## DATASET CONTENT

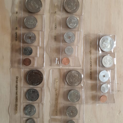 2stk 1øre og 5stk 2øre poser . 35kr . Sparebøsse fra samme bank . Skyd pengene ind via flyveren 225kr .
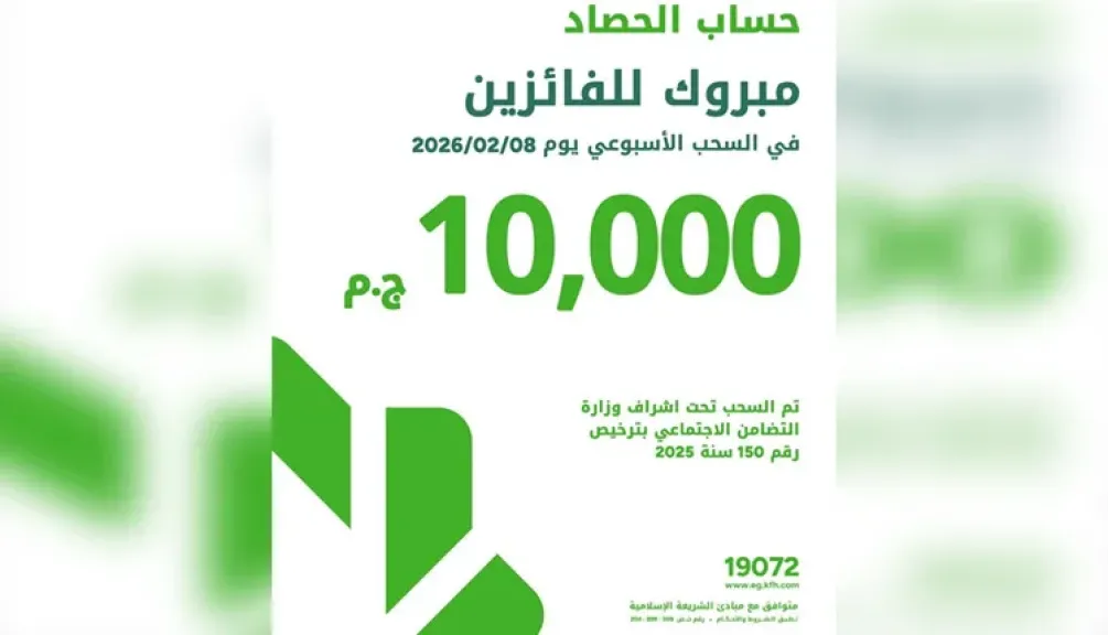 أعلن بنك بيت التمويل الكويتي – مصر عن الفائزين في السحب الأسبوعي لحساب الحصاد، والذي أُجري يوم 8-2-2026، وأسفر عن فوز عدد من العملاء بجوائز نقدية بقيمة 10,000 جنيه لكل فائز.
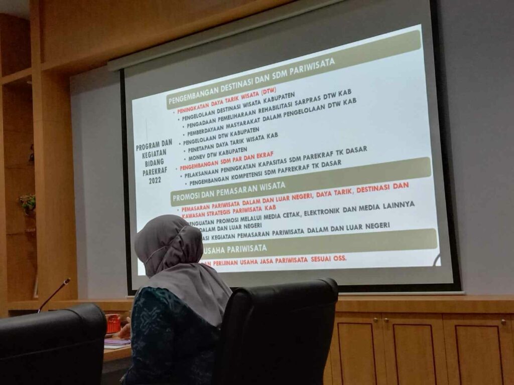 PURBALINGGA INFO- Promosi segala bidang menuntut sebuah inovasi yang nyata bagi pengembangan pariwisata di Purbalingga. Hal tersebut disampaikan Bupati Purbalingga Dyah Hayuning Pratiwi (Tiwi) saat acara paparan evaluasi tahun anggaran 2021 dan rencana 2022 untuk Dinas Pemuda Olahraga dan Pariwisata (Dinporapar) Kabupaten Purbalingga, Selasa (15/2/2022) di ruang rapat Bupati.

...

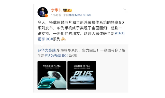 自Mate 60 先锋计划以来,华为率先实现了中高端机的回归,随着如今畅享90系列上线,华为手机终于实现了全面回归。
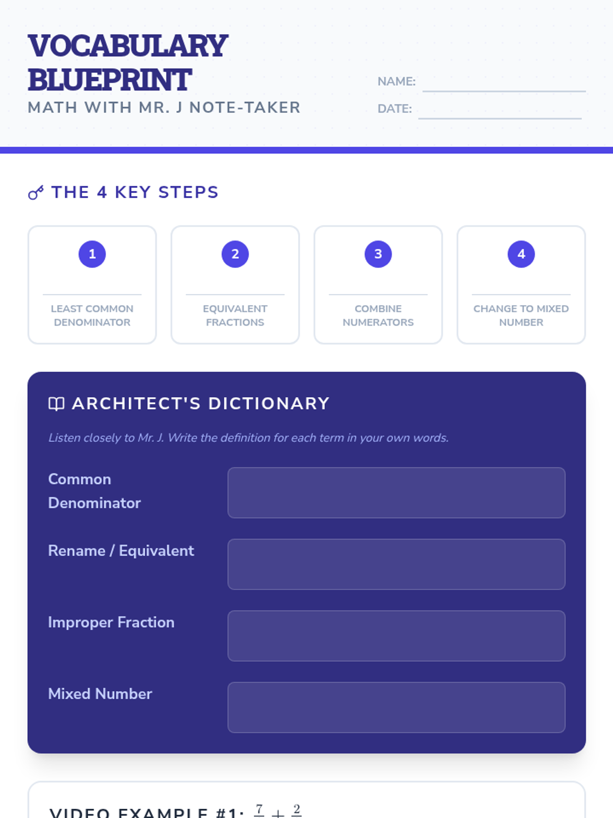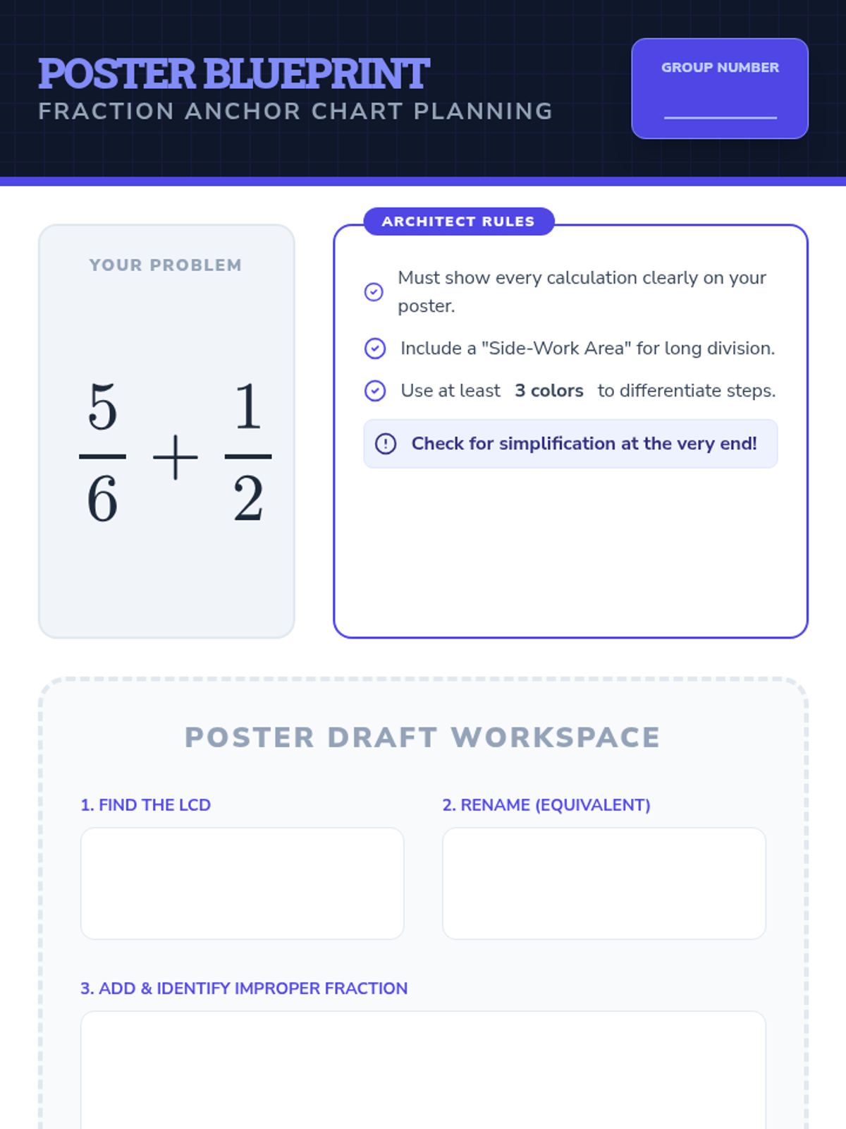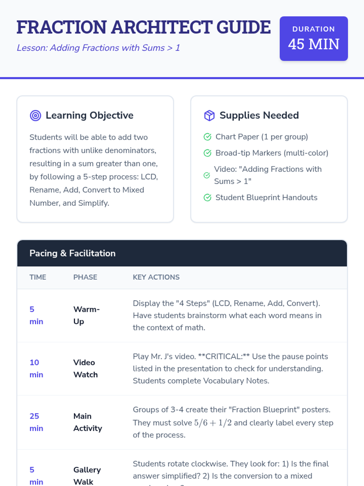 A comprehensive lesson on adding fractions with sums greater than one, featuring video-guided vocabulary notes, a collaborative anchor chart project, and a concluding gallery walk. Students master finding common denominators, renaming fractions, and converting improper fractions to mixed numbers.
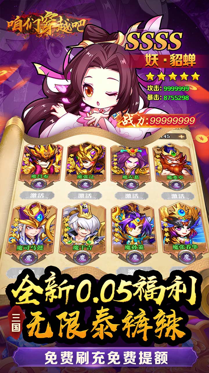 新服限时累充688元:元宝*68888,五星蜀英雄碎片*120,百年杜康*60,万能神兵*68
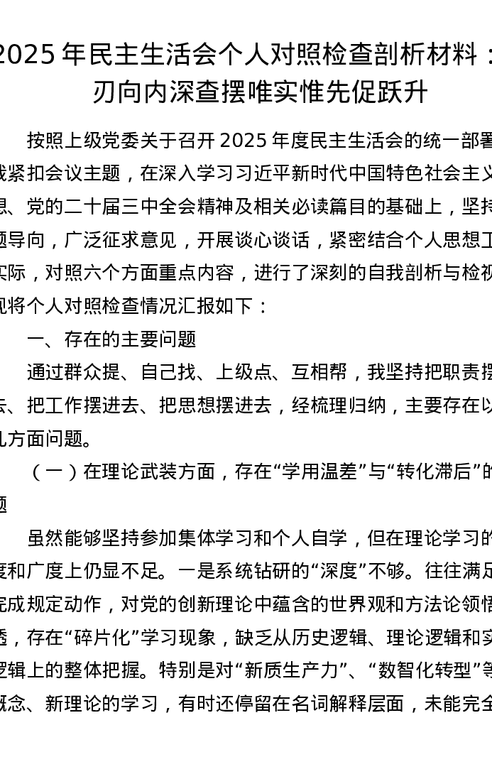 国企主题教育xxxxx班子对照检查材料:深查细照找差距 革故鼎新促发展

* * *

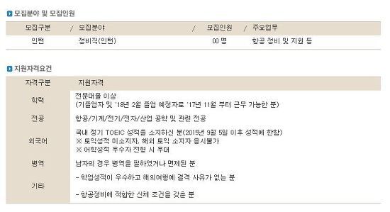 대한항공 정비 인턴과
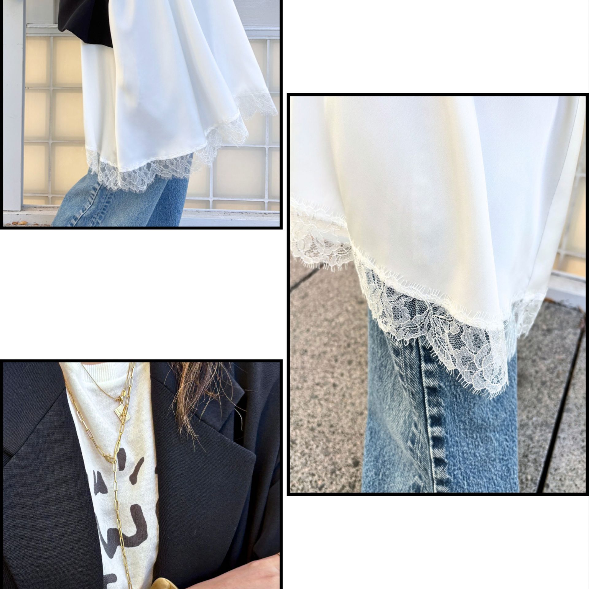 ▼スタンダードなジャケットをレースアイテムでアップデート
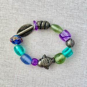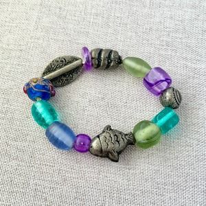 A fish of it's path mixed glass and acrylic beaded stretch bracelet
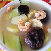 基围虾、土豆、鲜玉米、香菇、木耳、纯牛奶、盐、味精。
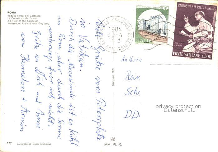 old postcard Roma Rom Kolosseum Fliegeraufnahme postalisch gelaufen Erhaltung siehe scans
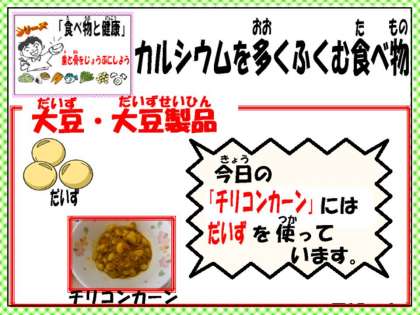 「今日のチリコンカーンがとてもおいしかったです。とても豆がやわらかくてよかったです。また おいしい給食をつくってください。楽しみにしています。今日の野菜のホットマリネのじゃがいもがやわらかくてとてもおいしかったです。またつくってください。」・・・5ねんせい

## WHAT YOU ARE ASKED TO DO
Above are the records; return the lines in them from the one with "自Mate 60 先锋计划以来,华为率先实现了中高端机的回归,随着如今畅享90系列上线,华为手机终于实现了全面回归。" to the one with "国企主题教育xxxxx班子对照检查材料:深查细照找差距 革故鼎新促发展", inclusive, exactly and without images.

## EXERCISE RESULT
 自Mate 60 先锋计划以来,华为率先实现了中高端机的回归,随着如今畅享90系列上线,华为手机终于实现了全面回归。
 A comprehensive lesson on adding fractions with sums greater than one, featuring video-guided vocabulary notes, a collaborative anchor chart project, and a concluding gallery walk. Students master finding common denominators, renaming fractions, and converting improper fractions to mixed numbers.
 新服限时累充688元:元宝*68888,五星蜀英雄碎片*120,百年杜康*60,万能神兵*68
 国企主题教育xxxxx班子对照检查材料:深查细照找差距 革故鼎新促发展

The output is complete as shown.